> **TASK DESCRIPTION**: Output exactly the lines from the first line of the records below through the line containing "Singapura - Hanói", both included, leaving out any pictures.
>>
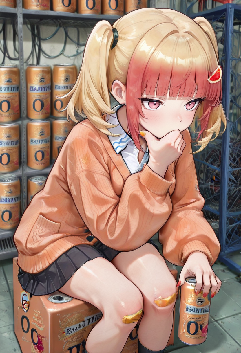 orange cardigan, collared white shirt, pleated black skirt, nail polish, bandaid on leg,
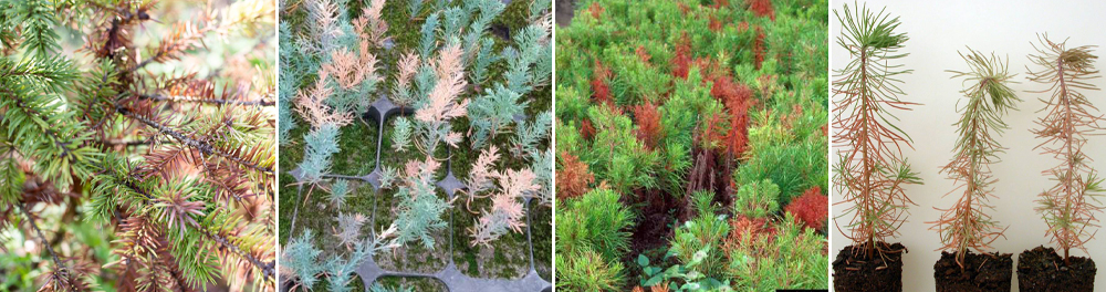 Фузариоз чаще проявляется в условиях плохой дренировки, аэрации и закисленности почвы, когда корни хвойного растения находятся в неблагоприятных условиях. Холодное, мокрое лето – лучшие условия для развития фузариоза. Часто болезнь может отступать с наступлением холодной погоды и возвращаться с потеплением. Холодная ночь и жаркий день, после продолжительной дождливой погоды или перелива хвойных растений идеально способствуют развитию фузариоза.
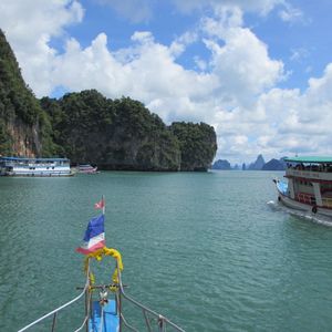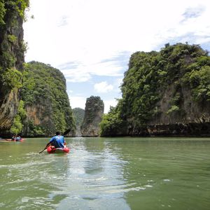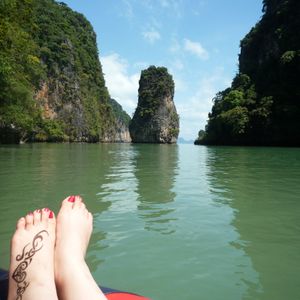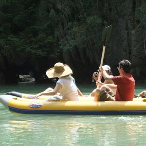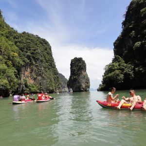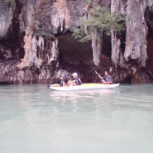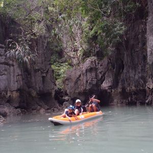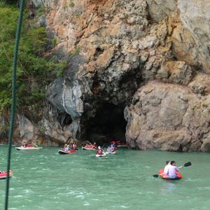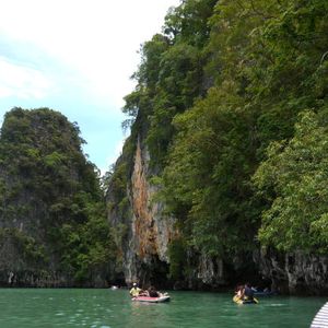 大型ボートでジェームズボンド島に向かい、1時間半で到着。そのあと移動し、洞窟のある複数の島をシ―カヌーで探検しました。ツアースタート当初は大雨でしたがシーカヌーに乗るときは不思議とやみました。カヌーで洞窟を抜けると入江みたいになっていて紅の豚の主人公の隠れ家みたいなイメージでした。不思議でここでしか体験できません。お勧めです。
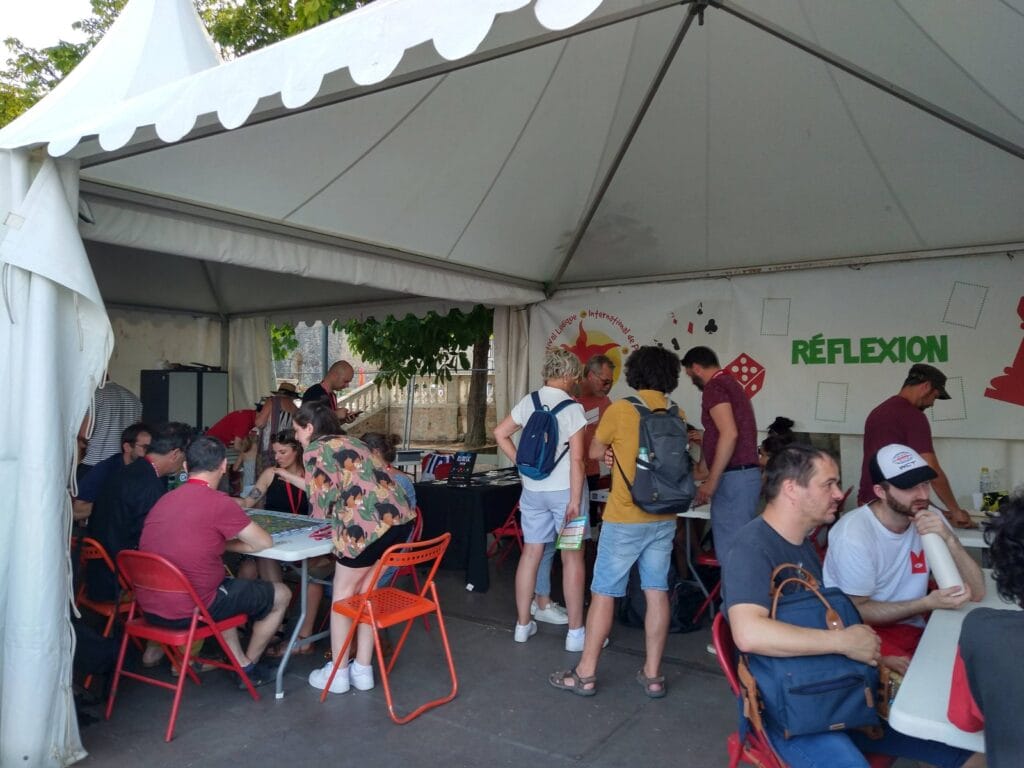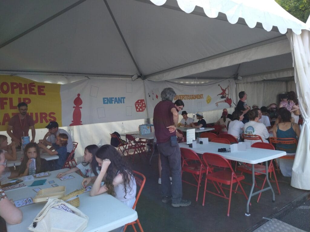 Année après année, le plaisir du FLIP va en croissant (et non pas en chocolatine). Des retrouvailles, mais aussi de nouvelles connaissances qui se font, parmi le public, les auteurs ou les éditeurs. Les animateurs sont toujours prêts à vous faire découvrir un jeu, peu importe s’il s’agit d’une nouveauté ou non. Malgré la fréquentation grandissante, on parvient encore à trouver des places. Je repars avec quelques coups de cœur. Rendez-vous le prochain été, sans faute ! |
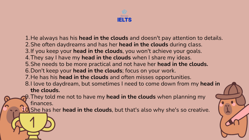 Bài tập: Viết lại những câu dưới đây bằng tiếng Anh với cụm từ Head in the clouds:
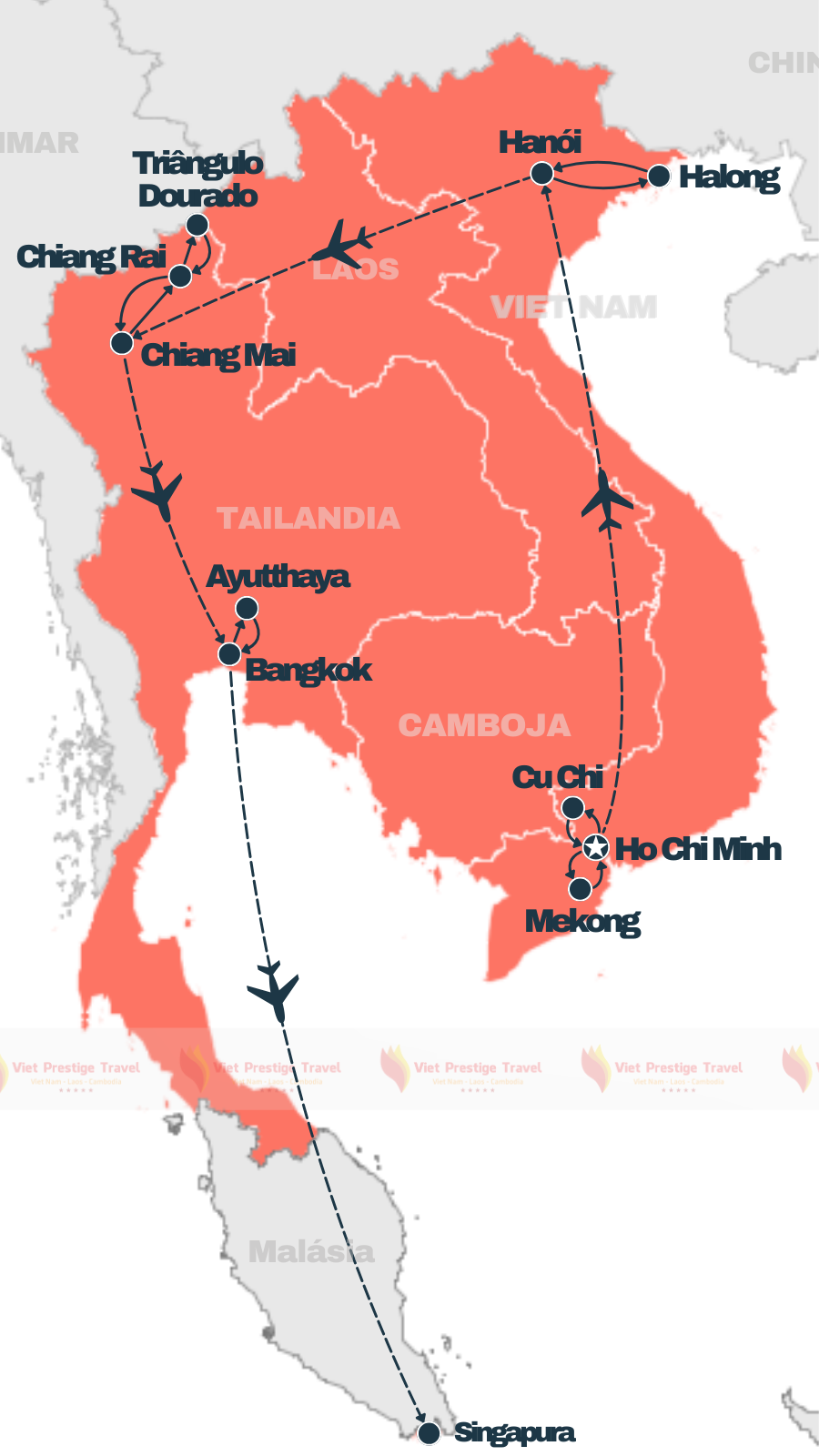 Singapura - Hanói - Ninh Binh - Baía de Halong - Da Nang - Hoi An - Siem Reap - Bangkok - Chiang Rai - Chiang Mai
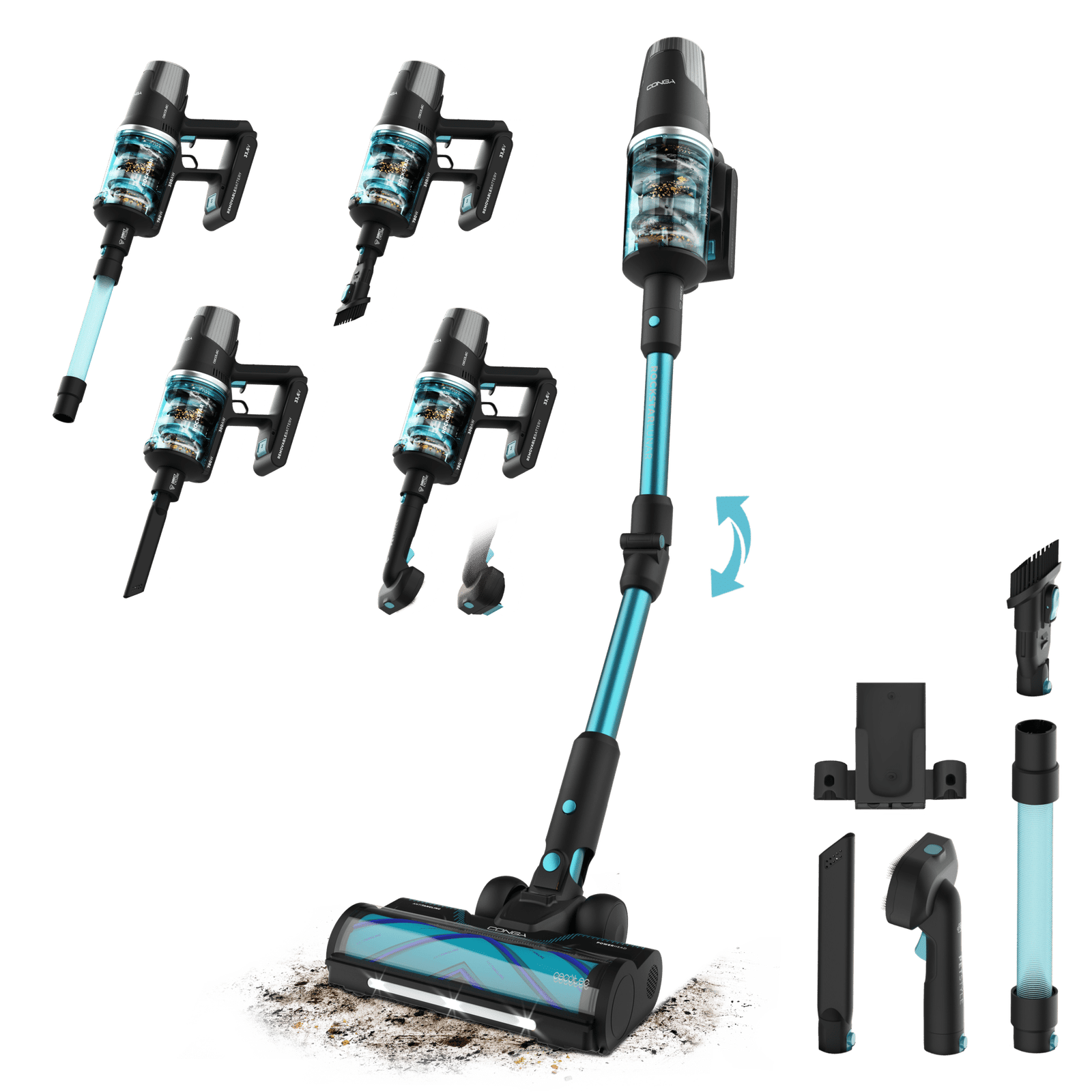 Conga Rockstar 9500 Lunar Pet Flex Mood Aspirador escoba sin cable con Máxima potencia de succión de 300 AW y ultrapotencia de 780 W. 90 minutos de autonomía. Cepillo HairLess antienredos. Tubo flexible y kit de accesorios completo. Incluye cepillo para animales.
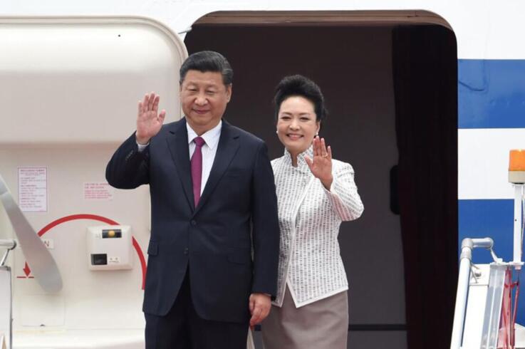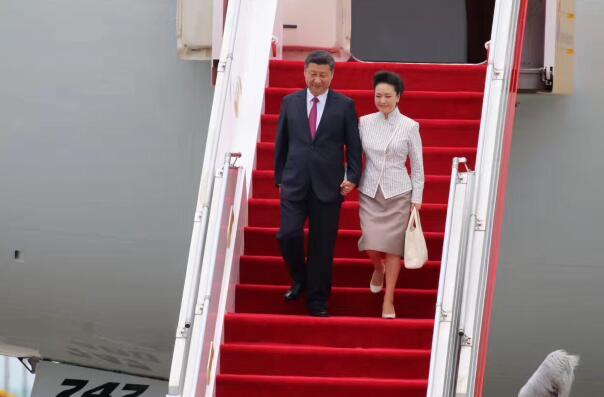 习近平及其夫人彭丽媛走出机舱(路透社)
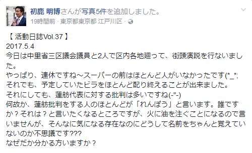 初鹿議員は5月4日に街頭演説を行った際の報告を当日夜、Facebookに掲載しましたが、この話はその中で語られていました。初鹿議員が「それにしても、蓮舫代表に対する批判は多いですね」と評判の悪さに改めて言及するほどだったようですが、そうした人々の殆どが蓮舫代表を「れんぽう」と呼んでいたといいます。
<<
> **SOLUTION TO THIS TASK**:
 orange cardigan, collared white shirt, pleated black skirt, nail polish, bandaid on leg,
 Фузариоз чаще проявляется в условиях плохой дренировки, аэрации и закисленности почвы, когда корни хвойного растения находятся в неблагоприятных условиях. Холодное, мокрое лето – лучшие условия для развития фузариоза. Часто болезнь может отступать с наступлением холодной погоды и возвращаться с потеплением. Холодная ночь и жаркий день, после продолжительной дождливой погоды или перелива хвойных растений идеально способствуют развитию фузариоза.
 大型ボートでジェームズボンド島に向かい、1時間半で到着。そのあと移動し、洞窟のある複数の島をシ―カヌーで探検しました。ツアースタート当初は大雨でしたがシーカヌーに乗るときは不思議とやみました。カヌーで洞窟を抜けると入江みたいになっていて紅の豚の主人公の隠れ家みたいなイメージでした。不思議でここでしか体験できません。お勧めです。
 Année après année, le plaisir du FLIP va en croissant (et non pas en chocolatine). Des retrouvailles, mais aussi de nouvelles connaissances qui se font, parmi le public, les auteurs ou les éditeurs. Les animateurs sont toujours prêts à vous faire découvrir un jeu, peu importe s’il s’agit d’une nouveauté ou non. Malgré la fréquentation grandissante, on parvient encore à trouver des places. Je repars avec quelques coups de cœur. Rendez-vous le prochain été, sans faute ! |
 Bài tập: Viết lại những câu dưới đây bằng tiếng Anh với cụm từ Head in the clouds:
 Singapura - Hanói - Ninh Binh - Baía de Halong - Da Nang - Hoi An - Siem Reap - Bangkok - Chiang Rai - Chiang Mai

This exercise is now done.